Art Attack #8
BY Ron Nurwisah
Photography by Martin Savoie
A still-smoking wreck of an SUV sits in a public square, pedestrians stop and stare at the scene of destruction. It looks like a news story from Iraq, Syria or Afghanistan. But it’s actually right in the middle of Yonge-Dundas Square, one of Toronto’s busiest intersections and right across the street from one of its largest malls.
But this isn’t a result of war. It is an art installation. The piece, “Attack #8”, was created by the Montreal art duo known as ATSA or Action Terroriste Socialement Acceptable [Socially Acceptable Terrorist Actions]. Since 1997, Pierre Allard and Annie Roy have been creating art that merges artistic concepts of audience participation, spectacle and appropriation of imagery with socio-political issues like poverty, environmentalism and consumerism.
Their first installation in December of 1997 was sparked by two news stories, one on the record profits that banks were making and another on the lack of warm clothing for Montreal’s homeless. ATSA’s response was a “La Banque à Bas.” Placed in front of Montreal’s Museum of Contemporary Art, ATSA turned an old oven into a clothing ATM, allowing Montreal’s homeless to “withdraw” warm clothing, fulfilling a real need while poking fun at Canada’s big banks.

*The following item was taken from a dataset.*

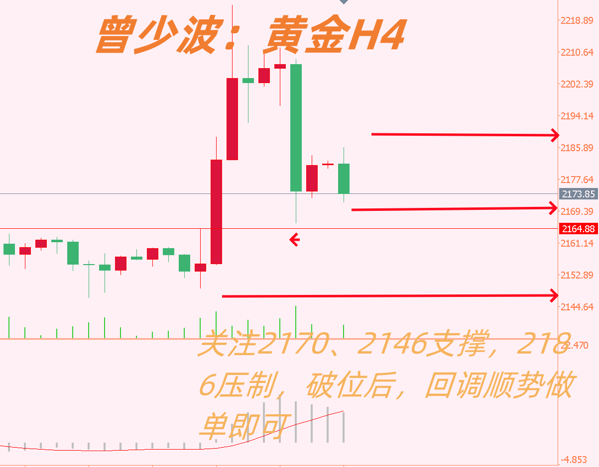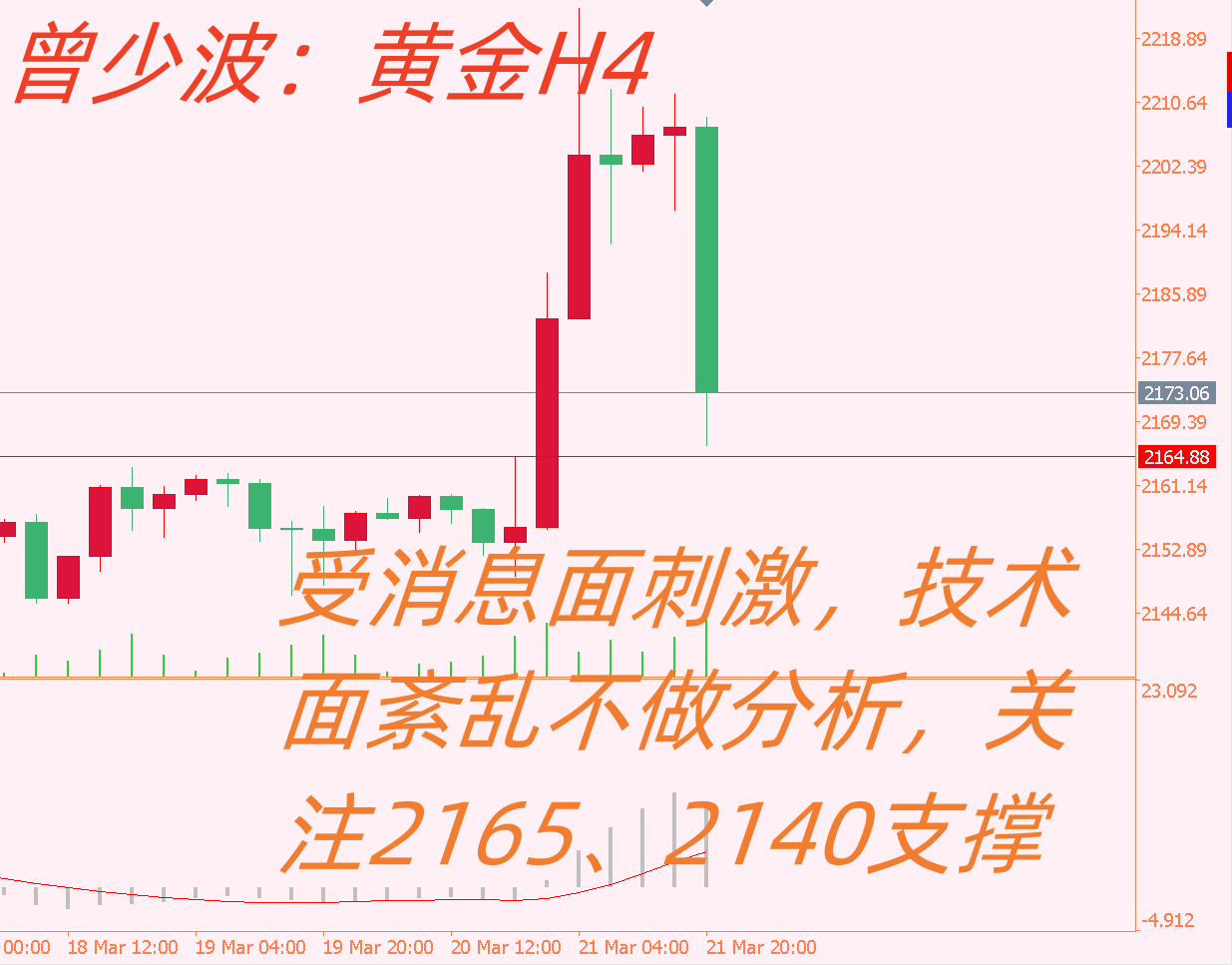 曾少波:3.22午评,黄金下跳上窜,多空趋势未定 投资朋友们下午好,昨日金价迎来过山车式波动,从最高2212,跳崖式跌倒2166,随后攀升至2184附近,至今日中午,再度回调至2172附近。 这种行情,市场上很多自信的投资者肯定有不少被套,可以联系曾少波帮你分析解决办法。目前2170关键点位,多次试探,未得到突破,多空还未定,保守的朋友可以选择暂时性观望。 技术分析: 从目前来看,黄金我们上方关注2184-2186一线压制,下方我们关注2166-70一线短期支撑,操作上我们先以区间对待,耐心等待调整充分后进场即可,具体操作策略我会在盘中提示,及时关注。 黄金操作策略: 1、黄金破位2170后

The next year they upped the ante, starting “State of Emergency,” a five-day refugee camp for the homeless right near the University of Montreal that ATSA still runs every winter.

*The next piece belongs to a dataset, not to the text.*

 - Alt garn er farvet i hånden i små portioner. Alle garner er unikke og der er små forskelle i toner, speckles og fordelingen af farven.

Since then the duo have used public interventions to explore various social issues. “Industrial Park” was a faux archeological site with ruins made up of bales of compressed recycled materials, a critique of the huge amounts of waste created by consumerism. Allard and Roy have created installations in Mont Royal Park that examined threats to urban and global forests, and an urban history project focusing on how fire has influenced the growth of Montreal’s downtown. This September, they hit Calgary’s ArtCity festival to premiere a new work—a shooting gallery critique of corporate culture.
But most of ATSA’s recent work has been concerned with oil and automobile culture. The duo found an SUV in a scrap yard and blowtorched the car so it looked like it had been in a war zone. The resulting installation went on to travel to Toronto and Ottawa, the first time their work was shown in English Canada.
Allard and Roy cite a familiar list of complaints about oil culture: the propping up of brutal regimes, illegal wars, environmental and health costs. But they take it a step further. “We wanted to go into this territory of private consumption, examine this right that people think they have to buy anything they want because it’s on the market,” Roy explains. This was the kernel for the duo’s SUV installation. They followed it up with a project in which they created 10,000 highly realistic traffic tickets to fine SUV owners for idling, using a remote starter and driving “an oversize gas guzzling vehicle.”
Confused drivers have tried to pay the tickets and even called the courts to challenge them. Some have caught on and called the duo in anger. ATSA’s approach, humourous to some, can and does lead to confrontation. During ATSA’s weekend in Toronto there were a few people upset with the group’s anti-SUV message. Outraged viewers questioned the use of the charged term “terrorism.”
But the duo doesn’t think their use of the term is insensitive or condoning violence. “We want people to think about terrorism. Aren’t we all little terrorists in our day-to-day actions? We all support the status quo when we buy clothing that’s made in sweatshops. We want people to think about violence at another level,” Roy says.
To her, it’s the public dialogue that matters. “I give what I have and they give what they have by sharing their knowledge and speaking and bringing discussion into the streets.”